I'm not interested in manipulating people or tricking someone into doing something. If I can communicate to a person who is resolutely against the concept of ethical vegetarianism the facts about inhumane slaughter practices, that person might start buying organic meat and dairy from coop farmers who raise their beef and dairy cattle on natural foods, in pastures with real grass, and in relatively happy stress-free environments. If I can teach a person about what happens to egg-laying hens and about the way poultry chickens have been genetically modified, maybe that person will start buying chicken meat from a small farmer who raises unmangled, natural chickens or one who doesn't employ forced molting or other inhumane practices to get eggs from the hens. Do I, for myself, think these changes are "enough?" Obviously not. If I did, I wouldn't be vegan. Do I acknowledge that, for some people, this is all they're willing to do? Yes. Does it improve the lives of animals and put a chink in the armor of the great industrial meat machine? Yes. Does a person who cares enough to spend more time, effort, and money seeking out organics and coop-raised animal products deserve respect and patience for trying to walk in the right direction? I think they do...yes.

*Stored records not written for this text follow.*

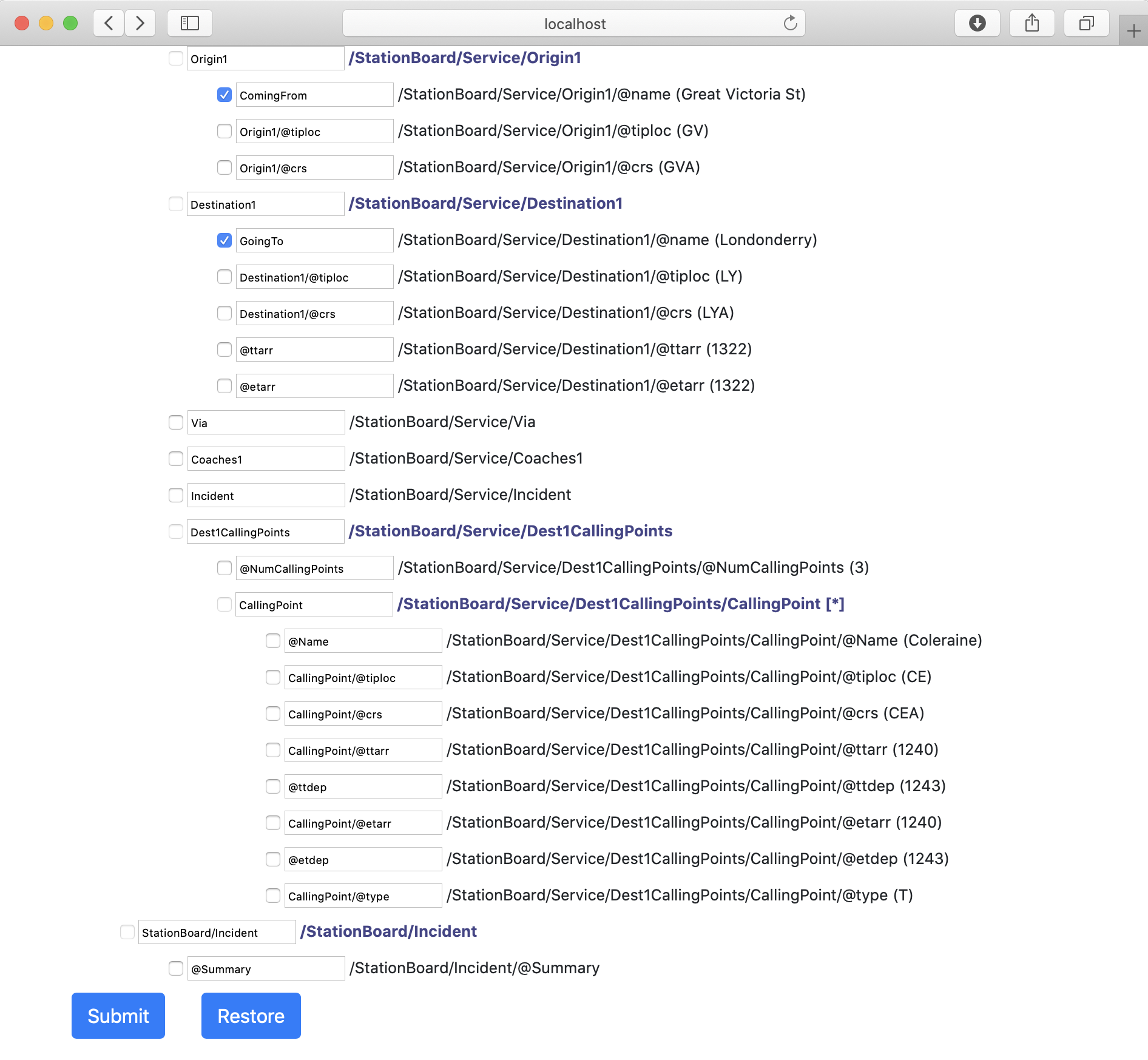 ... and the origin station and final destination for each service. We also choose to rename these fields as "ComingFrom" and "GoingTo" to provide more intuitive field names. Now click on the "Submit" button to store these selections in the database.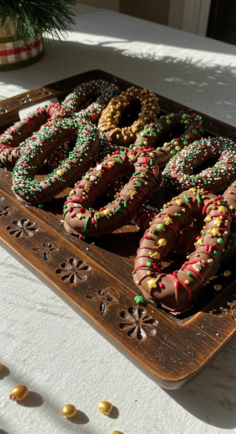- Melt chocolate, then dip pretzel rods in and shake off excess.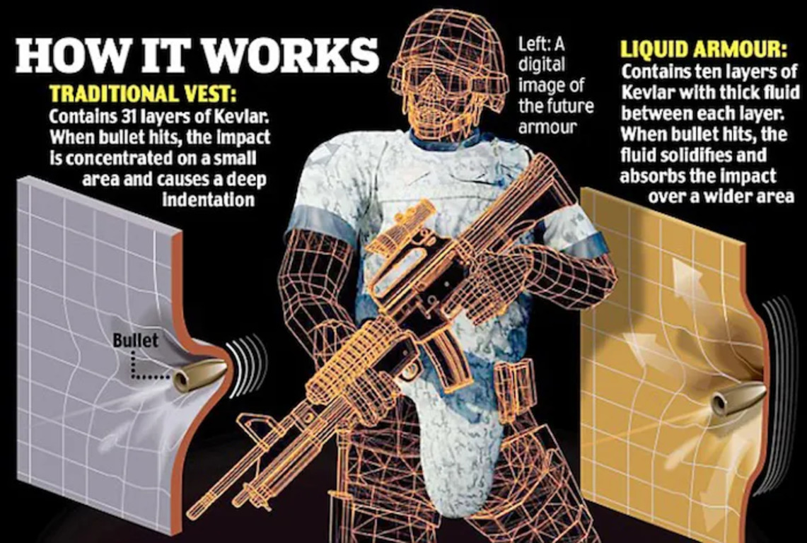 Жидкая броня – одна из самых современных достижений военных технологий, находится в Исследовательской лаборатории армии США. Броня состоит из волокон сверхпрочного материала – кевлара, пропитанного специальной жидкостью-загустителем. Эта жидкость известна также, как неньютоновская жидкость. По свойству она имеет меньший вес. Испытания показали, что при приложении грубой силы материал затвердевает. В жидкой броне при попадании пули молекулы сжимаются, предавая защитному обмундированию необычайную прочность. Ко всему прочему, жидкая броня более устойчива к ударам различными предметами, к примеру, ножом. Такое изобретение будет полезным, как для военных, так и для сотрудников полиции и работников других правоохранительных органов.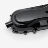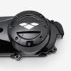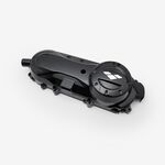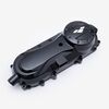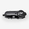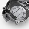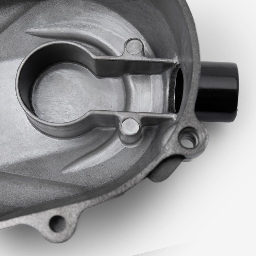 The crankcase in a motorcycle houses the engine's internal components on the side, including parts of the crankshaft, transmission, and oil pump. It provides structural support, protects these components, and ensures proper alignment and lubrication within the engine.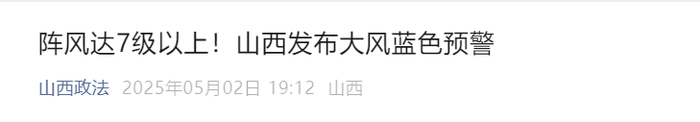 山西:发布大风蓝色预警
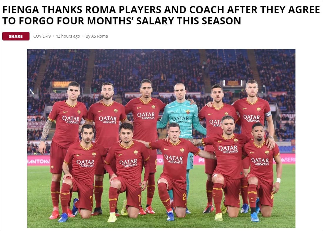 AS로마는 20일(한국시간) 홈페이지를 통해 "최고경영자(CEO) 귀도 피엔가가 4개월 급여를 받지 않기로 한 선수단과 코칭스태프에 감사 인사를 전했다. 선수단은 구단을 돕기 위해 잔여 시즌 받아야 할 급여를 포기했다"고 전했다.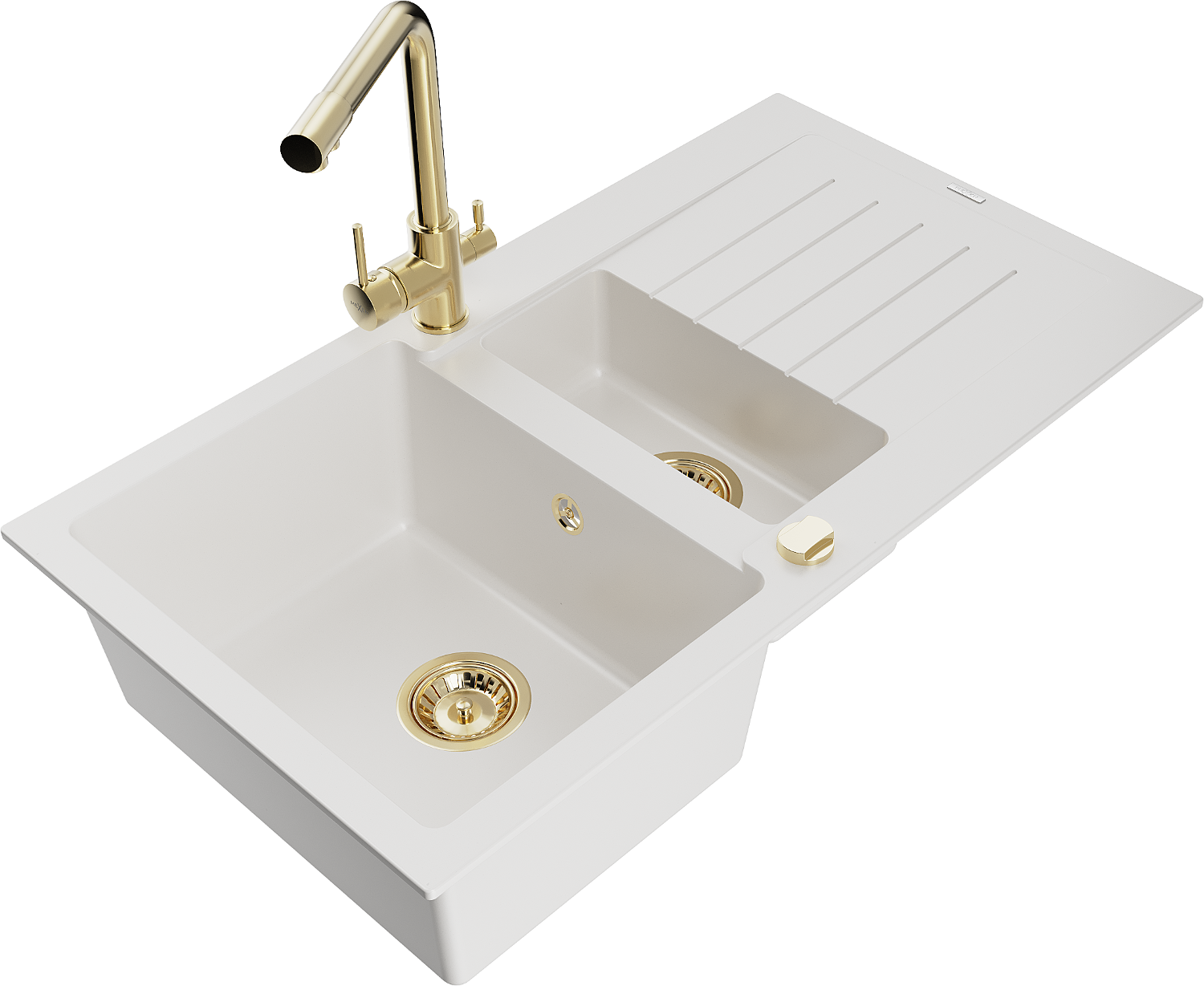 Mexen Matias Granitspullstell mat 1,5 Kummer mat Drëpsaatz a Kichenkrunn Duero, wäiss - 6502-20-671600-50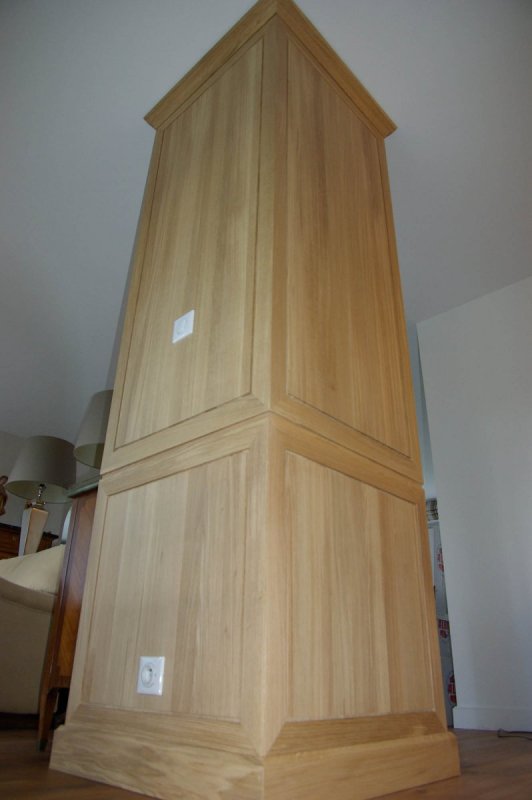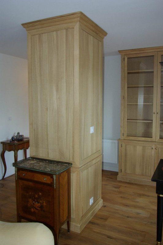 - Habillage de la colonne-gaine technique en panneautage de chêne massif.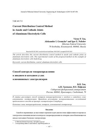 Аннотация:В статье рассмотрен способ контроля токораспределения в анодном и катодном узлах алюминиевых электролизеров. Приведены результаты экспериментальных исследований предложенного способа на примере электролизеров Содерберга.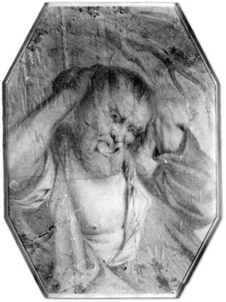 Karel van Mander III created this drawing of the Apostle Andrew with pen and brown ink, and grey wash on paper. The octagonal shape frames a figure immersed in contemplation. The composition is arranged around a play of light and shadow, drawing the eye across the textures of skin, beard, and fabric. The Apostle Andrew emerges from the shadows, with light catching the planes of his face and the folds of his garments. Van Mander uses chiaroscuro to heighten the drama of the scene. This reflects the influence of the Baroque style, known for its dynamic compositions and emotional intensity. The Apostle’s introspective gaze and furrowed brow suggest a moment of profound thought, in a composition of visual and symbolic weight. The drawing’s formal qualities invite us to consider the dialogue between artistic technique, religious narrative, and the construction of meaning.
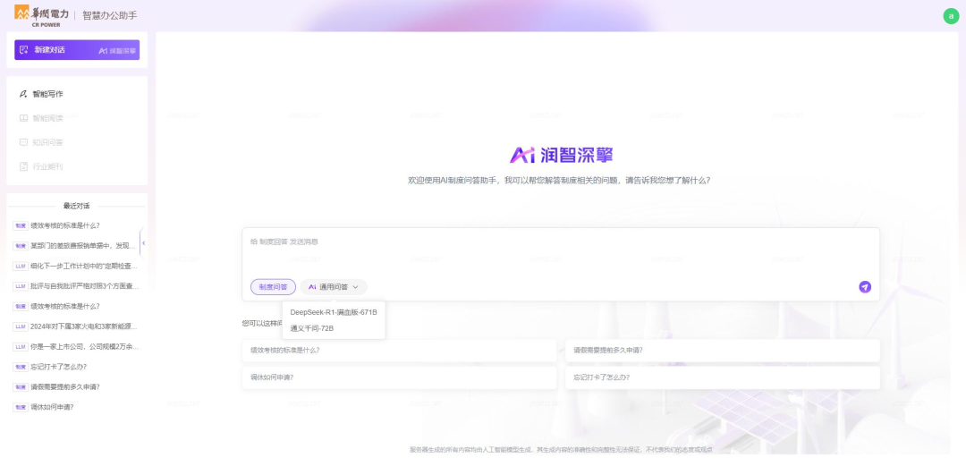 華潤電力正在快速推進智慧辦公助手建設,計劃今年上半年完成智能寫作、行業(yè)期刊等模塊建設。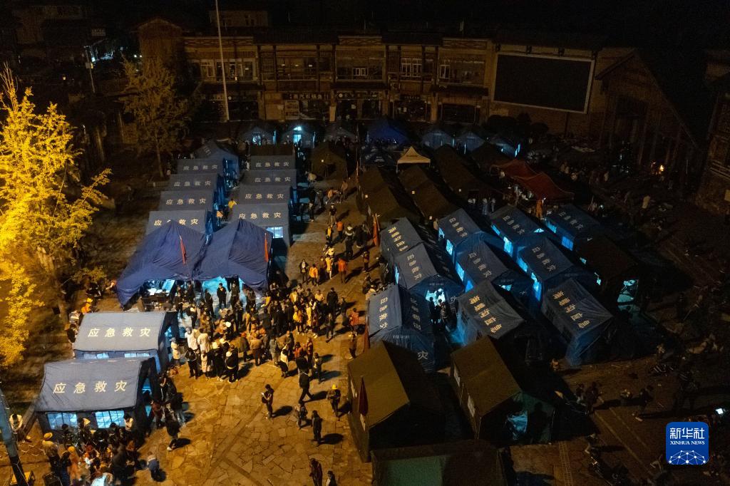 9月5日晚拍攝的四川甘孜州瀘定縣磨西鎮的受災群眾(zhong) 臨(lin) 時安置點。新華社 沈伯韓 攝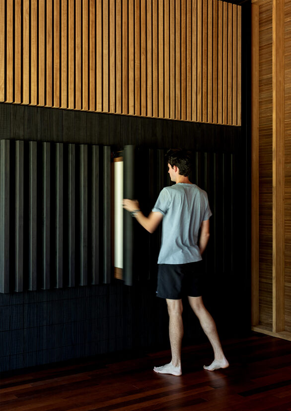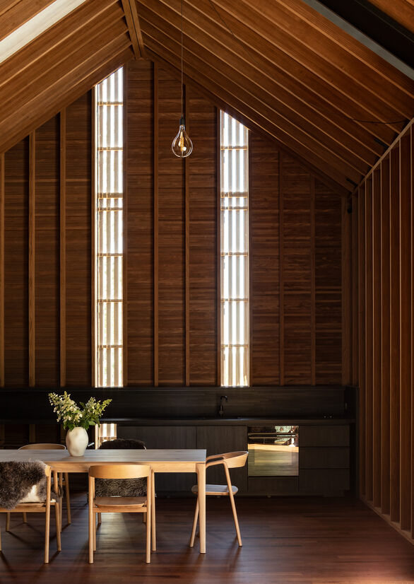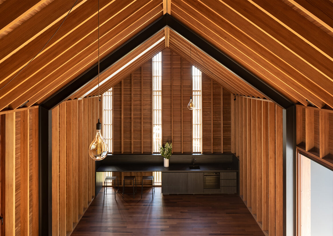 A play with light is expressed in the interior space from the tall thin slots of glass with the timber battens continuing on the outside.
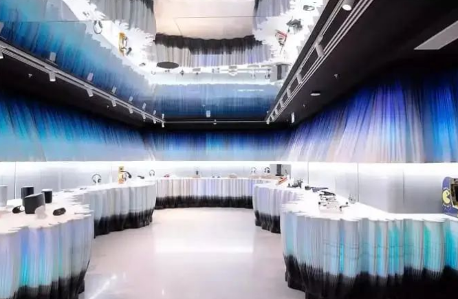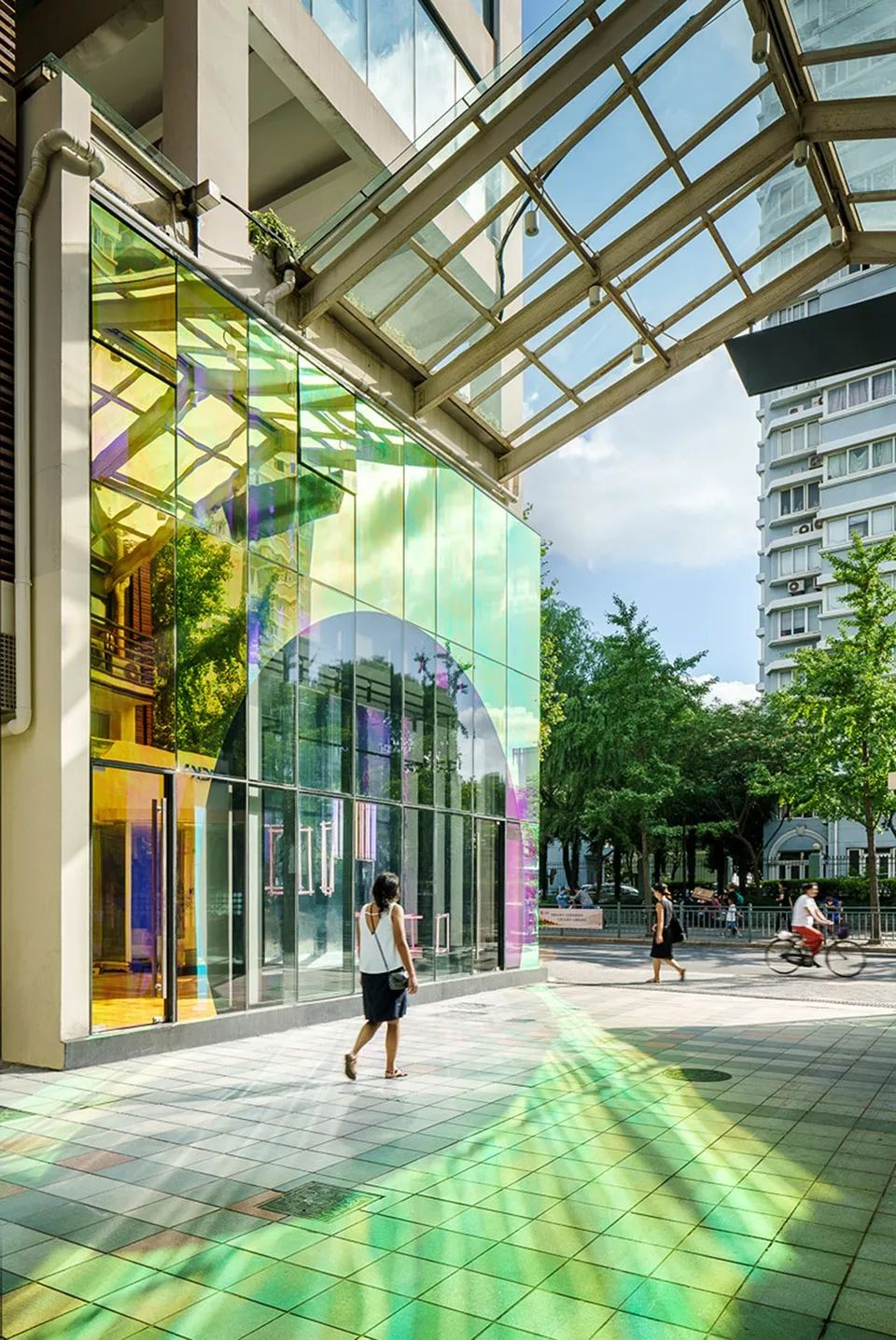 店铺门口为面积为127平方米的炫彩双层高外立面,是一层二向色薄膜,在阳光下能呈现出变化的色彩。

Every step, no matter how small, is progress. When people open up to one or two changes, they find themselves more willing over time to make a few more. That is where my hope lies. I know that my hope is well-founded because it was a series of small steps over time that led me to becoming vegan. When someone is being asked to change an entire lifetime of ingrained habit and perception, it is obtuse to the level of absurdity for the very people asking him to make the changes to insult him or disdain his progressive improvements.
The small improvements do matter, and I'd rather encourage something that matters, even a little, than do nothing. I'd rather promote giving animals happy lives instead of tortured ones. I'd rather support people feeding their children organic animal products instead of hormone and chemical-laced ones so they can grow up undamaged. I'd rather support people making a collective statement to the meat industry that our status quo is unacceptable even if I don't agree with everyone in that collective about what we should change the status quo to. If we can topple Goliath, isn't that worth trying for...even if the rock David has in the sling isn't the rock we wanted him to use?
I hope that makes sense. It's not hypocrisy. It's not a sense of defeatism. It's not a contradiction. It's pragmatism. If I can't tolerate A, but I can't have Z, then I'm willing to investigate B through Y to stimulate progress.
I have dreams about what the future can be, and I want all those dreams to come true. I truly do. Since we aren't anywhere close to seeing those dreams realized anytime soon, I want to spend my time moving closer and closing the gap. Anyway, that's how I look at the whole picture. I hope that helps to clarify where I'm sitting on all this for those of you who've been good enough to talk to me about it.